_DATASET EXCERPT_:
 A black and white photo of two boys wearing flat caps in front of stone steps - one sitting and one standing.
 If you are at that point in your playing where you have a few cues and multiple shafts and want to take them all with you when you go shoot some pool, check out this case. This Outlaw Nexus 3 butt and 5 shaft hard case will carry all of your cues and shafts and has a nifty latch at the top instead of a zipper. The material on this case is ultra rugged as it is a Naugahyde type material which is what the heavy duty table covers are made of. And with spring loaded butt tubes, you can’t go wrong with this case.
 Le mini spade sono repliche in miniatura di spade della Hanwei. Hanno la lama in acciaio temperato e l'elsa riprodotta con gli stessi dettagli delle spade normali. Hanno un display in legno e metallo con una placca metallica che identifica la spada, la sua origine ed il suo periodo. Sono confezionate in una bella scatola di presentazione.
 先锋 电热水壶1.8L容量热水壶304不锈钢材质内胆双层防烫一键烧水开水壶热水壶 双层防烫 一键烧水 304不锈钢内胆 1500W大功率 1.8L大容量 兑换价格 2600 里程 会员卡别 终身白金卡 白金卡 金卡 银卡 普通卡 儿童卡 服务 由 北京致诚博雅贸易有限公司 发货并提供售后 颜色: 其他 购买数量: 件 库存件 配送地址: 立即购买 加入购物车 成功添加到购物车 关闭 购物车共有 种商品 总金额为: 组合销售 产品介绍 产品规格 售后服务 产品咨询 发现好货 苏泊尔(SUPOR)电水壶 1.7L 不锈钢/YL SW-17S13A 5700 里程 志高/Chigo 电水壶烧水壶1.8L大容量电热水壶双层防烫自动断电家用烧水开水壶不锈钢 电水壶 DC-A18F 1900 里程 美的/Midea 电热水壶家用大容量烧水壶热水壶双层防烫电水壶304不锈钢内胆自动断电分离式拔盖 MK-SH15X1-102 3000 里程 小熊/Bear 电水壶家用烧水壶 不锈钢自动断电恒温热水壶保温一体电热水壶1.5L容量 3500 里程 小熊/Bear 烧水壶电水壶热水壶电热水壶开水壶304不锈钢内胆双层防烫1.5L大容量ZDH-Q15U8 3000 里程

_TO DO_: Everything from the first line of the data through the line containing "Le mini spade" should be echoed exactly. Add nothing.

_EXERCISE ANSWER_:
 A black and white photo of two boys wearing flat caps in front of stone steps - one sitting and one standing.
 If you are at that point in your playing where you have a few cues and multiple shafts and want to take them all with you when you go shoot some pool, check out this case. This Outlaw Nexus 3 butt and 5 shaft hard case will carry all of your cues and shafts and has a nifty latch at the top instead of a zipper. The material on this case is ultra rugged as it is a Naugahyde type material which is what the heavy duty table covers are made of. And with spring loaded butt tubes, you can’t go wrong with this case.
 Le mini spade sono repliche in miniatura di spade della Hanwei. Hanno la lama in acciaio temperato e l'elsa riprodotta con gli stessi dettagli delle spade normali. Hanno un display in legno e metallo con una placca metallica che identifica la spada, la sua origine ed il suo periodo. Sono confezionate in una bella scatola di presentazione.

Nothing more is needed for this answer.